Artificial intelligence (AI) is an all-encompassing category which includes a wide range of neural networks with different capabilities. Neural networks are segmented by how they approach a particular, unstructured data set or problem, either with a process, algorithm, or machine learning approach. In this article, see how Convergint, partnered with Milestone, can use AI to improve security.
1. The core of learning: shallow or deep
Due to the previous limitations of hardware processing power, machine learning could only deploy shallow learning of very large data sets. This shallow learning looks at data in only three dimensions.
With recent, significant advances in processing power of graphical processing units (GPUs), a deep learning approach can now be utilized, wherein data is analyzed in many more dimensions – which is why it is called “deep”.
Convergint and Milestone leverage a new, GPU-compute platform by re-coding its software to use a new type of coding called parallelization. Software parallelization is a coding technique for breaking a single problem into hundreds of smaller problems. With parallelization, there is a quantum leap forward in how fast a problem can be solved.
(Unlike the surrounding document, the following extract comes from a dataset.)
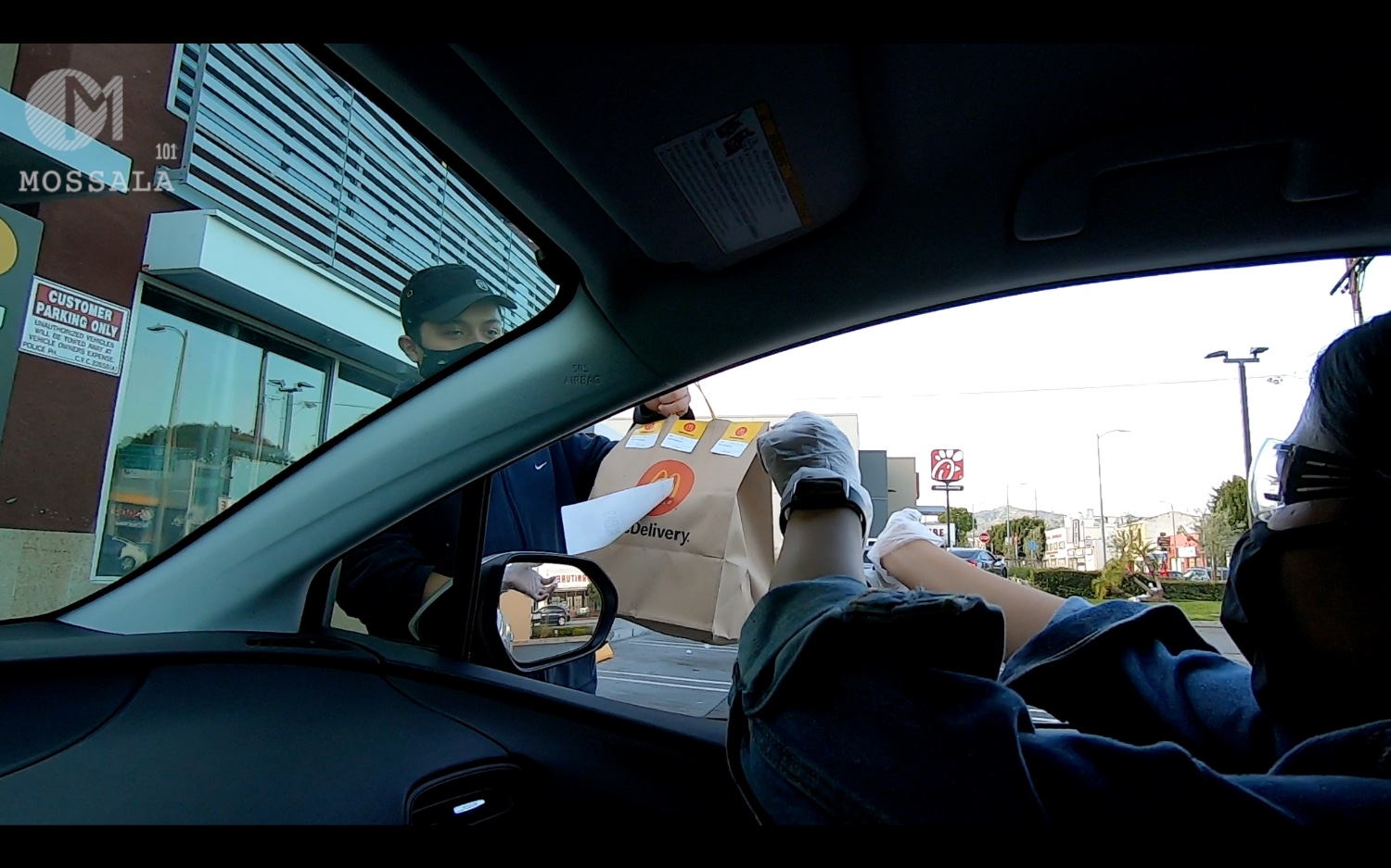 อันนี้มารับอาหาร Mc Donald's เขาให้เรารอในรถจอดตรงหมายเลข 1

2. IoT Frameworks & Aggregation of Data
Milestone’s role as a video management platform company is to develop broad support for all relevant devices. They have a vision to support all top Internet of Things, or IoT, frameworks.
The focus is to continue enabling more and more of those devices across different frameworks into a common data center. Then, Milestone and its partners will continue to advance GPU technology to create a whole new level of processing, helping companies that are using GPU as a parallelization.
Advanced rendering is about creating a whole different type of mixed reality. The BriefCam Synopsis system is an example of mixed reality. It uses real video, extracts objects of interest, and then provides an overlay of augmented reality. Humans cannot look at 24 hours of video in nine minutes. But with Synopsis intelligence can be augmented.
3. Actualized Potential of Augmentation
AI and machine learning are being applied for AI-enabled devices and machines to get very good, low-cognitive functions. For example, humans cannot sit and watch all cameras simultaneously, all the time; their attention does not work that way. But machines are extremely good and detailed at this. People do not see pixels, people see objects. The machine sees the most finite detail available to it, which is the pixel, and within the pixel, it can see more details, which are the shade of colors of that image. By aggregating data, allowing machines to automate responses and solutions, we can augment human interaction and our environment.
4. An Intelligent Revolution
Having AI take over low-cognitive tasks will be the big trend for years to come. With proper aggregation of information, AI can be superior to humans at low-cognitive tasks, and often deliver a better quality of service than humans.
The intelligent industrial revolution is beginning to happen all around the world. It will be very disruptive within the security and surveillance industry — but also insightful and liberating as it frees human efforts for higher cognitive processes that address larger challenges.